I had also made a conjecture along the following lines:

	Suppose S(m) = { N-F(0), N-F(1), N-F(2), N-F(3), ..., N-F(m-1) },
	where we take F(0) = 0.
	Then the sums of subsets of these numbers fall into the ranges:

					   0*N
		1*N - F(m-1)		.. 1*N - F(0)
		2*N - F(m-1) - F(m-2)	.. 2*N - F(0) - F(1)
		...
		       p                         p-1
		p*N - Sum F(m-j)        .. p*N - Sum F(j)
		      j=1                        j=0
		...
		      m-1
		m*N - Sum F(j)
		      j=0

	I conjectured that F(m) is the smallest N such that these ranges
	don't overlap.  This gives: F(1) = 1, F(2) = 2, ..., F(6) = 24,
	but incorrectly gives F(7) = 46, F(8) = 88, ....  To see why
	this approach fails for F(7), we have the ranges:

		0*N
		1*N - z,  z in {24,13,7,4,2,1,0}
		2*N - z,  z in {37,31,28,26..24,20,17,15..13,11,9..1}
		3*N - z,  z in {44,41,39..37,35,33..24,22..8,6,5,3}
		4*N - z,  z in {48,46,45,43..29,27..18,16,14..12,10,7}
		5*N - z,  z in {50..42,40,38..36,34,31,27..25,23,20,14}
		6*N - z,  z in {51,50,49,47,44,38,27}
		7*N - 51

	Treating these as ranges, we'd like the smallest N such that:

		0 < N-24, N-1 < 2*N-37, 2*N-1 < 3*N-44, 3*N-3 < 4*N-48,
		4*N-7 < 5*N-50, 5*N-14 < 6*N-51, and 6*N-27 < 7*N-51.

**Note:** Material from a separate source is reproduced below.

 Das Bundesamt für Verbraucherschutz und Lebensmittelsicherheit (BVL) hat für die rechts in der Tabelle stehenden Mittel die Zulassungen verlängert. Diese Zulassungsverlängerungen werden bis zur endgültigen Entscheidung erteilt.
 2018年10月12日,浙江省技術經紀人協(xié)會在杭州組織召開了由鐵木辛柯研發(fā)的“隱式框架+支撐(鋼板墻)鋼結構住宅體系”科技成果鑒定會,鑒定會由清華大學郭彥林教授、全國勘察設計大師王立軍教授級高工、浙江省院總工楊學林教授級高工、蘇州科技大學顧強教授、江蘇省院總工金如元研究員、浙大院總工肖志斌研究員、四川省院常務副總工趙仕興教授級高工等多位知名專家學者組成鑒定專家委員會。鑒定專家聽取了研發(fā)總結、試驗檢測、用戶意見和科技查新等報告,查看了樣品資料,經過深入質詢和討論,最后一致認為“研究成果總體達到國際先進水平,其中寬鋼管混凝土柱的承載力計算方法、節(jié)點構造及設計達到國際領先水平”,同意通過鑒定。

	and we find N = 46 (due to the inequality 3*N-3 < 4*N-48).

	However, we see that one set is able to overlap the other slightly:

		..., 3*N-6,3*N-5,       3*N-3 }
		               { 4*N-48,      4*N-46,4*N-45,       4*N-43,...

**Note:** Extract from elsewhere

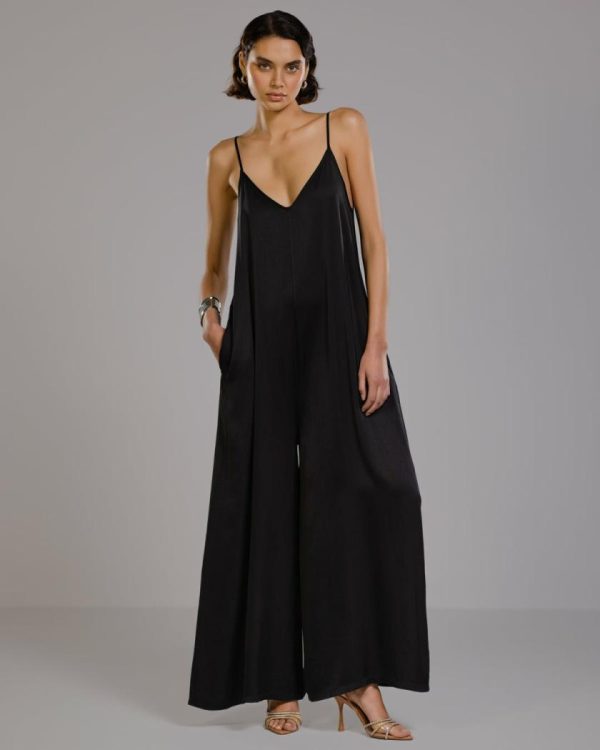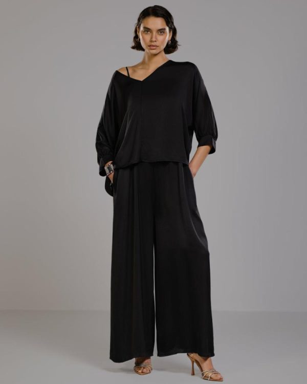 Women JAKI Asymmetric Sweaters | Audrey Satin Jumpsuit | Black

	This manages to reduce N by 2, so that F(7) = 44.
816.10CLT::GILBERTBuilderWed Feb 03 1988 16:2433
re .9:

	For F(7), notice how densely packed are the 3*N-z and 4*N-z ranges:

	density
	-------
		0*N
	 7/25	1*N - z,  z in {24,13,7,4,2,1,0}
	21/37	2*N - z,  z in {37,31,28,26..24,20,17,15..13,11,9..1}
	34/42	3*N - z,  z in {44,41,39..37,35,33..24,22..8,6,5,3}
	34/42	4*N - z,  z in {48,46,45,43..29,27..18,16,14..12,10,7}
	21/37	5*N - z,  z in {50..42,40,38..36,34,31,27..25,23,20,14}
	 7/25	6*N - z,  z in {51,50,49,47,44,38,27}
		7*N - 51

	Notice that in general the density is roughly:

		     "m choose p" - "sum of the p smallest elements"
		----------------------------------------------------------
		"sum of p largest elements" - "sum of p smallest elements"
					      
	Can the fact that these are so densely packed be used to give a
	lower bound on F(8)?  Can this in turn be used for a good lower
	bound on F(9), F(10), ...?  It certainly explains why F(m+1) is
	roughly twice F(m).

        Does the distribution of 'holes' at the ends of the ranges
        (particularly the two 'center' ranges -- 3*N-z and 4*N-z in the
        case of m=7) explain why

		S(m) = { N-F(0), N-F(1), N-F(2), N-F(3), ..., N-F(m-1) }

	always seems to provide the lowest F(m)?